### [Work order]
Your copy of the entries below should hold exactly the lines from the one containing "을 찾아 클릭합니다." to the one containing "Морковь и лук", inclusive, and no pictures.

### [Given data]
┄┄┄┄┄┄┄┄┄┄┄┄┄┄┄┄┄┄┄┄

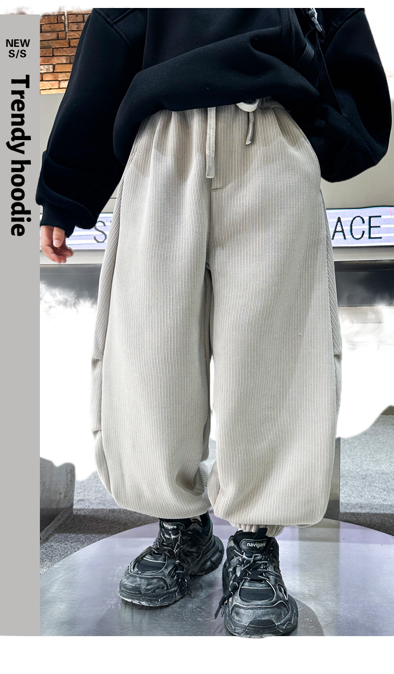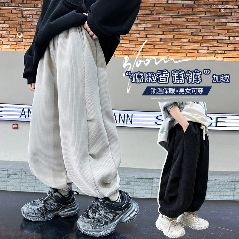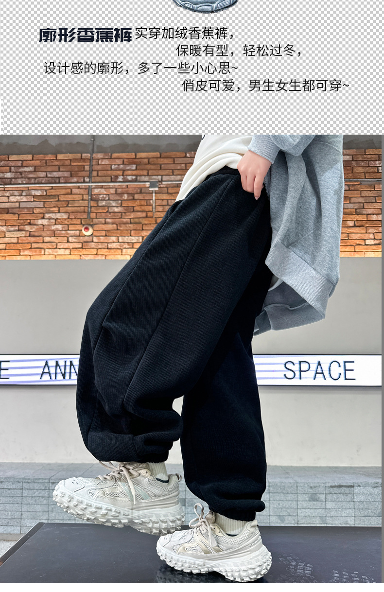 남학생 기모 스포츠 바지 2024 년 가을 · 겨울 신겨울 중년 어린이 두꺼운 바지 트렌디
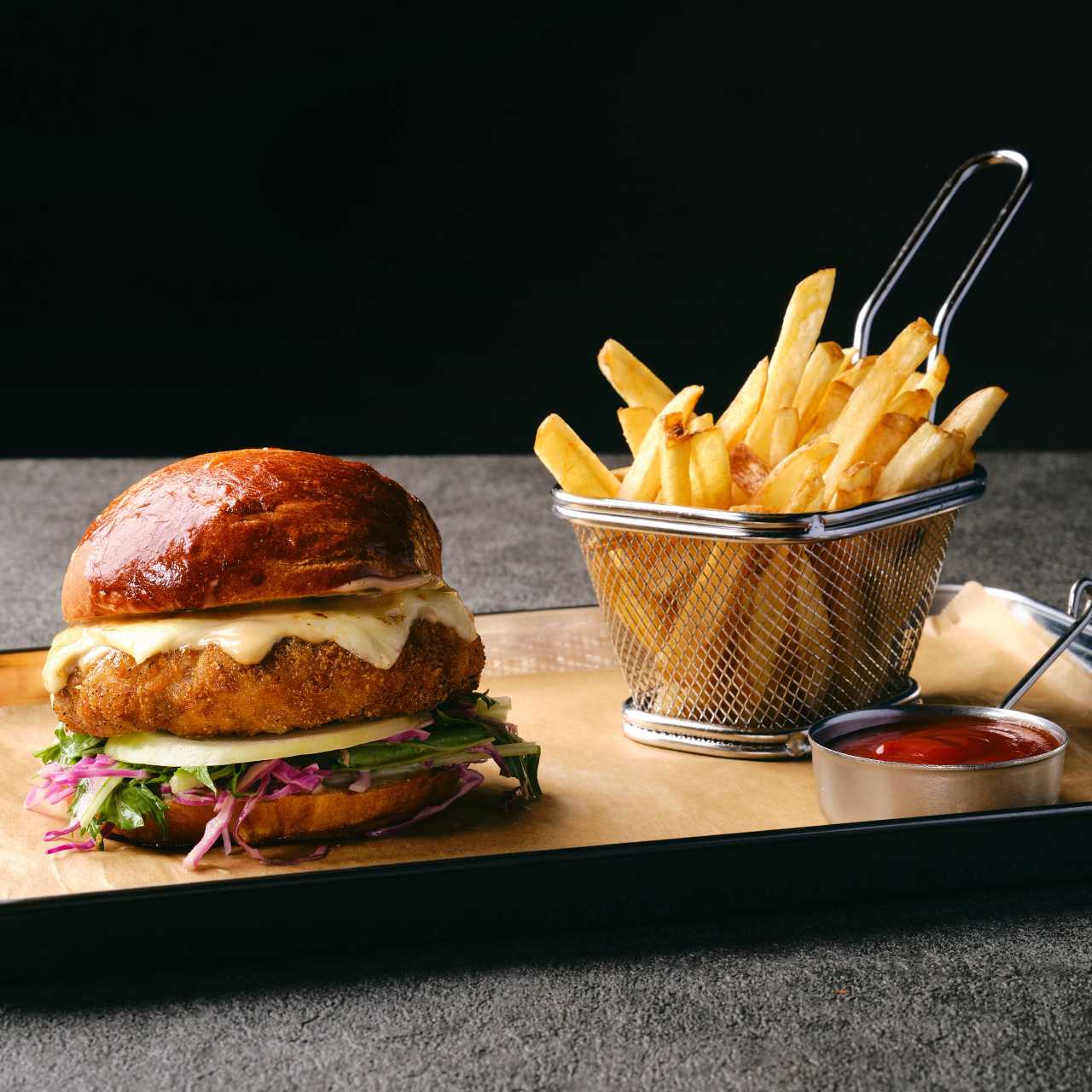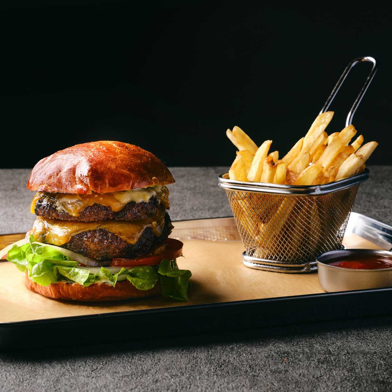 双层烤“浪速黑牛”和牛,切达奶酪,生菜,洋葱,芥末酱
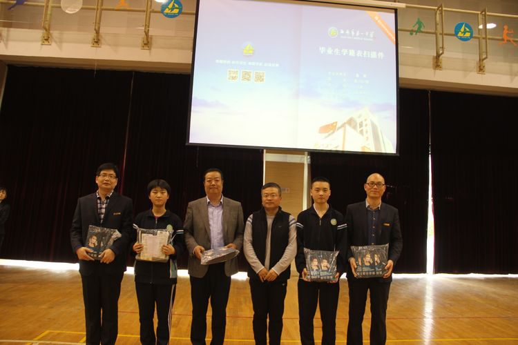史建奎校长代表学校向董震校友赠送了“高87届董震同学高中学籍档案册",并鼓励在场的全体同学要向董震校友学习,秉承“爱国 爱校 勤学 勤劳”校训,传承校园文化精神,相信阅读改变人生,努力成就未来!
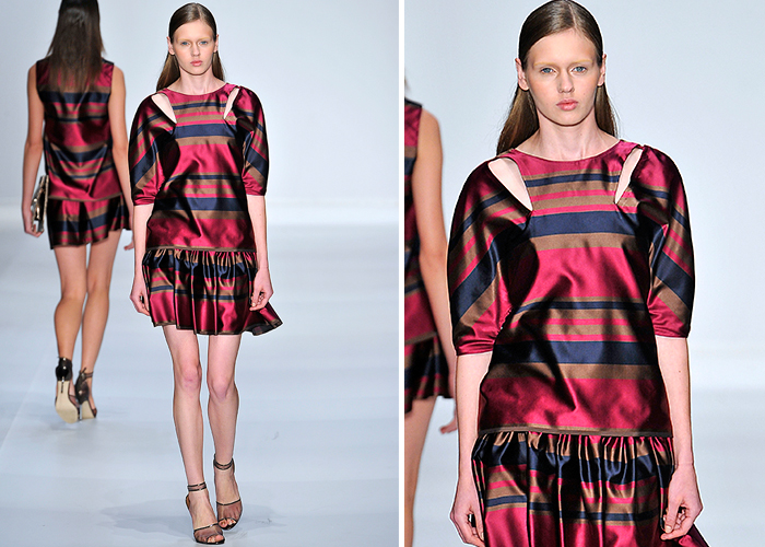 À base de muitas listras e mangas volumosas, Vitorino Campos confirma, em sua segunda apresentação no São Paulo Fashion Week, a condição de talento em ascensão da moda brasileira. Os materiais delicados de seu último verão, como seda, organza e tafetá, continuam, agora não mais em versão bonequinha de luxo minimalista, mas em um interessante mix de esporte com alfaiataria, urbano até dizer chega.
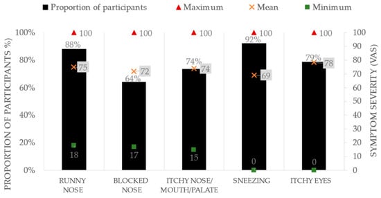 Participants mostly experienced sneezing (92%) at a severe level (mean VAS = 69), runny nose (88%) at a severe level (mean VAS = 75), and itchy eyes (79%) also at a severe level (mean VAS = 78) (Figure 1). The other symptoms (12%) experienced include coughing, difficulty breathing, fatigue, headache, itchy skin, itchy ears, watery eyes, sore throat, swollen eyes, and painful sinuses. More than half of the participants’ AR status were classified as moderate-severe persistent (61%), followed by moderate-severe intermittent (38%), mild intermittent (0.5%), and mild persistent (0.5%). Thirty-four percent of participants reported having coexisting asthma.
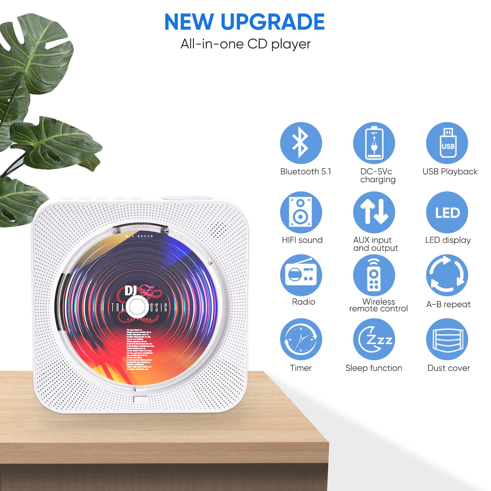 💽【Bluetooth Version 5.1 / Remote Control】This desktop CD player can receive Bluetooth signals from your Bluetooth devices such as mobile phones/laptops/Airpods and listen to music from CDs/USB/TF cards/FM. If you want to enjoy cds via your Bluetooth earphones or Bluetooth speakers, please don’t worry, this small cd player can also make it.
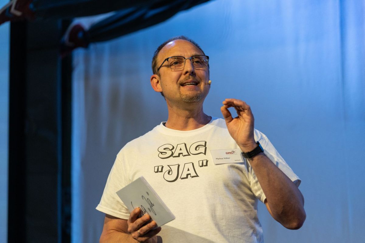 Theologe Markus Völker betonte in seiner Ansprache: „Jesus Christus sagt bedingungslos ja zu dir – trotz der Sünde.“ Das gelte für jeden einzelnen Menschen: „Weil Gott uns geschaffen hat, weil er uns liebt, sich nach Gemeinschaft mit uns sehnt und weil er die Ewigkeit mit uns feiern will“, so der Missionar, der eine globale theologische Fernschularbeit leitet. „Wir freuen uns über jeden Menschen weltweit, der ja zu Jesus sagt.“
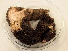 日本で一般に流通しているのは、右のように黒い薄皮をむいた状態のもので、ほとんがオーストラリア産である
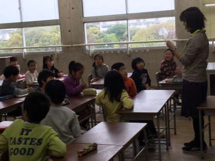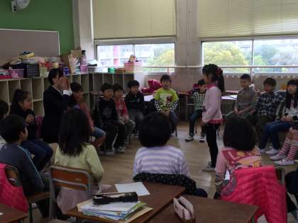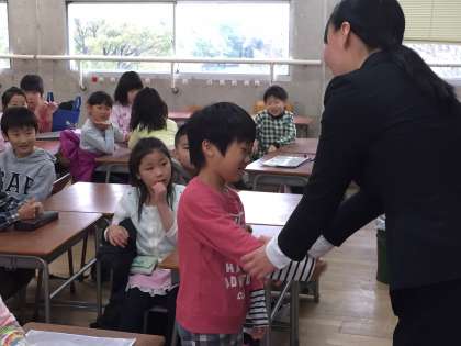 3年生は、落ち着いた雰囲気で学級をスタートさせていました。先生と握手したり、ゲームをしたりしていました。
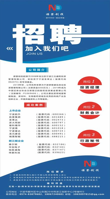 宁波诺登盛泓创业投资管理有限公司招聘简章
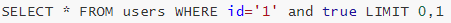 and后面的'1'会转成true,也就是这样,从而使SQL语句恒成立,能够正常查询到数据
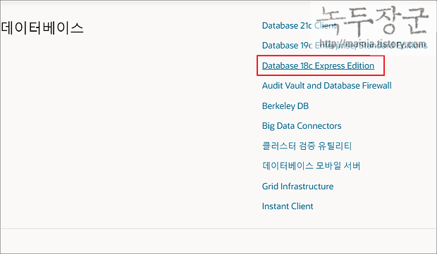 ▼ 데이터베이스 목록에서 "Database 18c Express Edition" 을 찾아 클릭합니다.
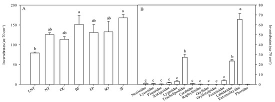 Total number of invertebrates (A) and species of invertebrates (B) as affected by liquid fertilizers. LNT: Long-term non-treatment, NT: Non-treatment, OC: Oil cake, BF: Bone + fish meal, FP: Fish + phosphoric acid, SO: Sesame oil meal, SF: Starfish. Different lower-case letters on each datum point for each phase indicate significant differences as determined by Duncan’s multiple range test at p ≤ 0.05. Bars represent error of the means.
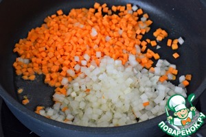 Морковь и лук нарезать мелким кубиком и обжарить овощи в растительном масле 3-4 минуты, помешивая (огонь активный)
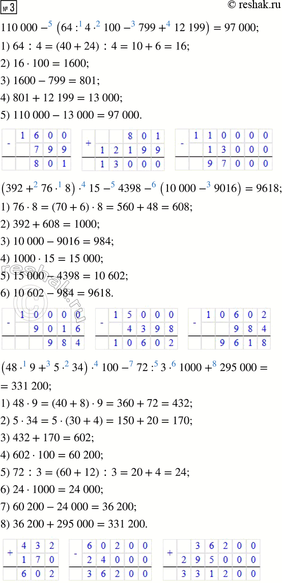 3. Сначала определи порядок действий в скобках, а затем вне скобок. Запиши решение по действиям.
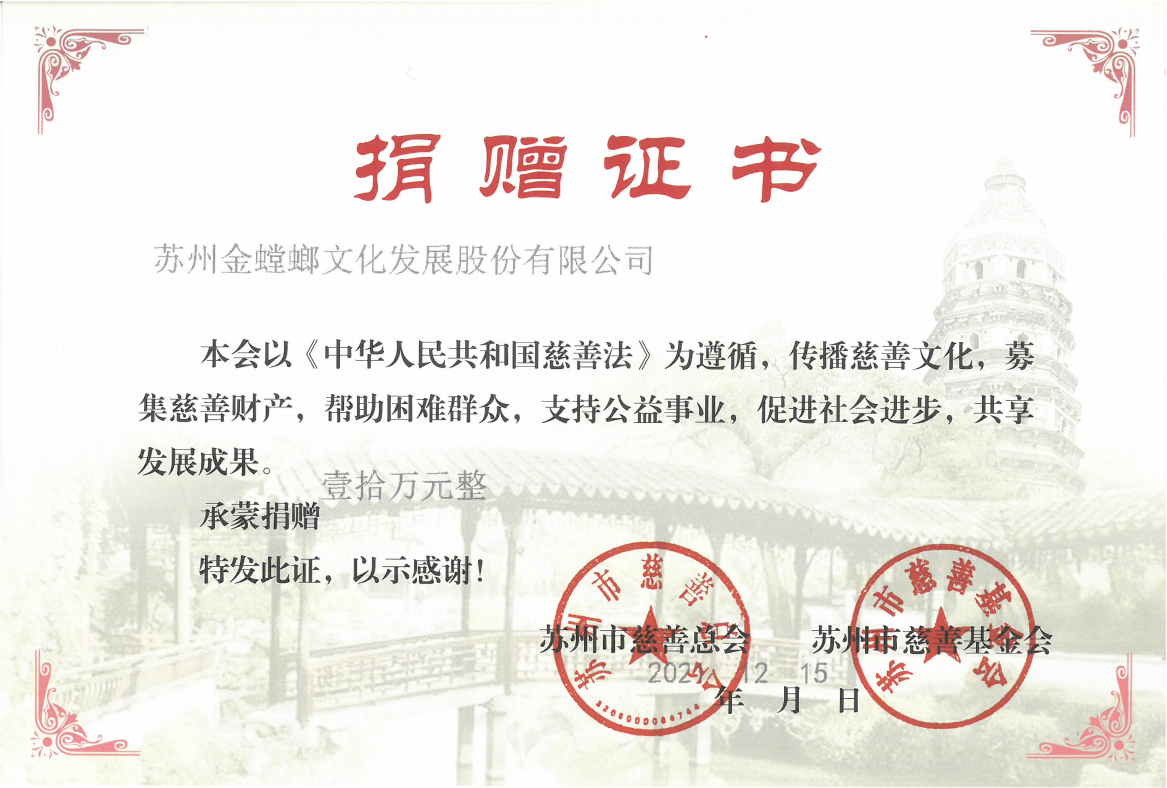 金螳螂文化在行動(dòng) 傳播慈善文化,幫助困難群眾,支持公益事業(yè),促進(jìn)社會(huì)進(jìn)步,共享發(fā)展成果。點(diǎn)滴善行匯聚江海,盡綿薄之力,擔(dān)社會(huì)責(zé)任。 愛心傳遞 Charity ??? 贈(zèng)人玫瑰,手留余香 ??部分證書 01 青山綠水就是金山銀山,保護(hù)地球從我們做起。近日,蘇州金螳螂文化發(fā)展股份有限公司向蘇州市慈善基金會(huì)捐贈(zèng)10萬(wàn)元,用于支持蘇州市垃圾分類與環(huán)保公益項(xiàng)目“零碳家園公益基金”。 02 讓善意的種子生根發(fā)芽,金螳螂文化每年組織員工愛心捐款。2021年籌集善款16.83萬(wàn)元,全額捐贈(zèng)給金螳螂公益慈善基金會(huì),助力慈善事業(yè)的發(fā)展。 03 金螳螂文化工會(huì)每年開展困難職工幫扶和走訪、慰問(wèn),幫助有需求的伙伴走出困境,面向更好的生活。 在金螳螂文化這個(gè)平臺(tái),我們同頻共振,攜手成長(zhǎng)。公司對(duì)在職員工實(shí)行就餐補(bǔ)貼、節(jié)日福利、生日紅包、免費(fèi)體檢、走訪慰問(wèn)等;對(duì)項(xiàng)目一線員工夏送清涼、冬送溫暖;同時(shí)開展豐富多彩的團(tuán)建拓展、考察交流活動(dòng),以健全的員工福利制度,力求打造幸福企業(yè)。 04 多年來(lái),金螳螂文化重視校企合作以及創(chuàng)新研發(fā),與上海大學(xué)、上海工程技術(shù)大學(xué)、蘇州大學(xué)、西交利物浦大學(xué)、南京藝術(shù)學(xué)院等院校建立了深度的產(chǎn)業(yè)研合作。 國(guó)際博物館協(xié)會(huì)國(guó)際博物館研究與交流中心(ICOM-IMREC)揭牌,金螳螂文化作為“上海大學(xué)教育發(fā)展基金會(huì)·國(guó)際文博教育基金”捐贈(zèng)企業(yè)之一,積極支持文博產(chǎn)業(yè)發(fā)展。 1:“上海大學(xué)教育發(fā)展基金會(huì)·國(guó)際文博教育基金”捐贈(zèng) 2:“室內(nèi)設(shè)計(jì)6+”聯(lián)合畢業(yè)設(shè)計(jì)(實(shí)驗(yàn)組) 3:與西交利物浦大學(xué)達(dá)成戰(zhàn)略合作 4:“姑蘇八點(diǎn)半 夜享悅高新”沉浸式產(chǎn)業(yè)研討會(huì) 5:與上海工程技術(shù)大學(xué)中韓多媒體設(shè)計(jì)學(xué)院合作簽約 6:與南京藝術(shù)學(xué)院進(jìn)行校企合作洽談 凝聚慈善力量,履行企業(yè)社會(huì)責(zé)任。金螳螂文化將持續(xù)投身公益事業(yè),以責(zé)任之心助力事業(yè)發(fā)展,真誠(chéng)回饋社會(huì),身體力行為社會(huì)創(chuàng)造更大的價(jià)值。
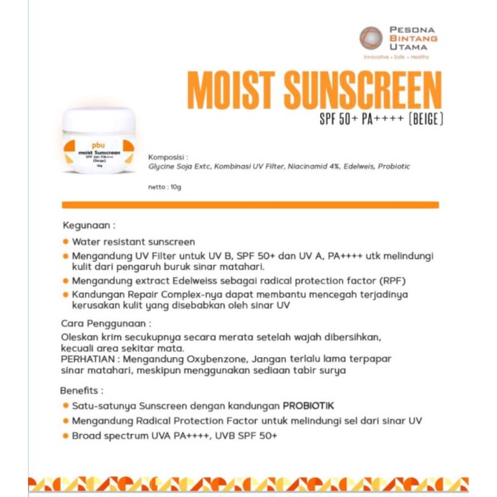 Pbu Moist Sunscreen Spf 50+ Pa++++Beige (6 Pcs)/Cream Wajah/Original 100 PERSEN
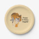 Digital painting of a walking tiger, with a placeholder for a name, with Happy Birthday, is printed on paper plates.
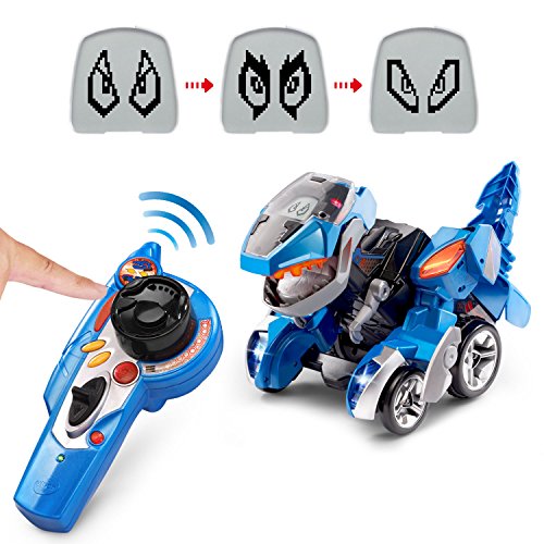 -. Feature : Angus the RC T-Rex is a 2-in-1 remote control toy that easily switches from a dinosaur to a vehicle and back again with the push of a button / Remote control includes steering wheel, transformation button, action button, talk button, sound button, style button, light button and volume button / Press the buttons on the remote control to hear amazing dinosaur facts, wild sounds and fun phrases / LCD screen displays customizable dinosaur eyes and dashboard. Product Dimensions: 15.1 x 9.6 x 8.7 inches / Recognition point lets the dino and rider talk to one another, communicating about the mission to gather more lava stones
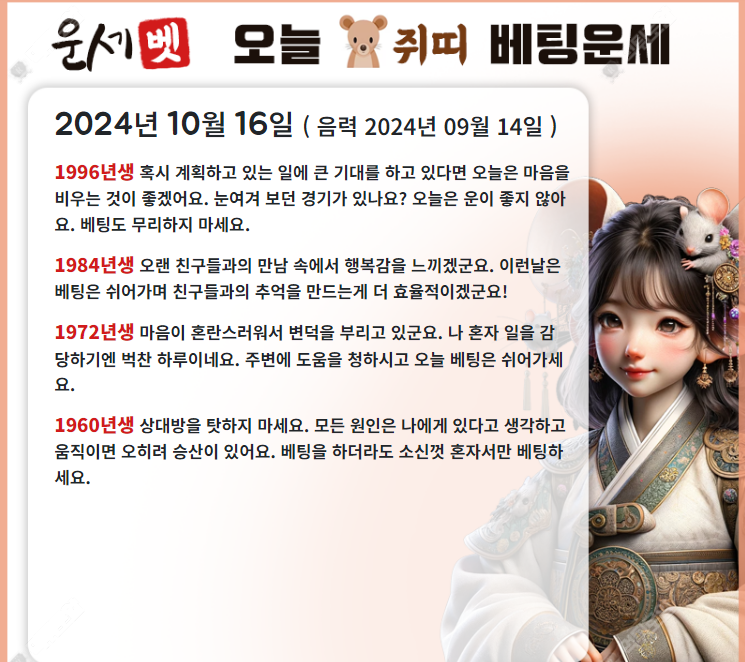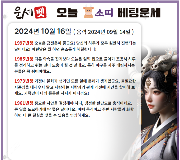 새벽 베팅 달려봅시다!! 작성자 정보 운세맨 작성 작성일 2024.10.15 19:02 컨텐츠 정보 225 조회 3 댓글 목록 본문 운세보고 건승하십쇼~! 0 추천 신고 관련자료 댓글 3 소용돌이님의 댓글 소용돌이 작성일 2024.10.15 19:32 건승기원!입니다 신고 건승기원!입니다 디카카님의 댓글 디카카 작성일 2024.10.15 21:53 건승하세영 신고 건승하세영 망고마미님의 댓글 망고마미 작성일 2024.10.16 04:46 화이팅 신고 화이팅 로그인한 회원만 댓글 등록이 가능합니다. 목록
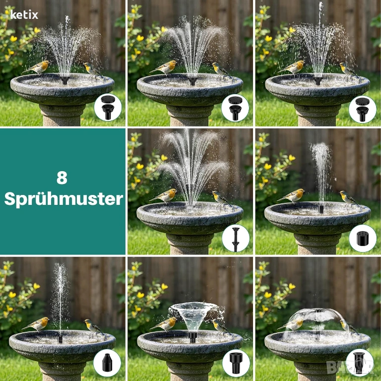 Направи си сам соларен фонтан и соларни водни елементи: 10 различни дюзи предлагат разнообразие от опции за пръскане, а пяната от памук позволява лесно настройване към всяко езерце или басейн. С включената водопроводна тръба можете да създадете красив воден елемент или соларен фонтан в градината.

┄┄┄┄┄┄┄┄┄┄┄┄┄┄┄┄┄┄┄┄

### [Solution to this problem]
 ▼ 데이터베이스 목록에서 "Database 18c Express Edition" 을 찾아 클릭합니다.
 Total number of invertebrates (A) and species of invertebrates (B) as affected by liquid fertilizers. LNT: Long-term non-treatment, NT: Non-treatment, OC: Oil cake, BF: Bone + fish meal, FP: Fish + phosphoric acid, SO: Sesame oil meal, SF: Starfish. Different lower-case letters on each datum point for each phase indicate significant differences as determined by Duncan’s multiple range test at p ≤ 0.05. Bars represent error of the means.
 Морковь и лук нарезать мелким кубиком и обжарить овощи в растительном масле 3-4 минуты, помешивая (огонь активный)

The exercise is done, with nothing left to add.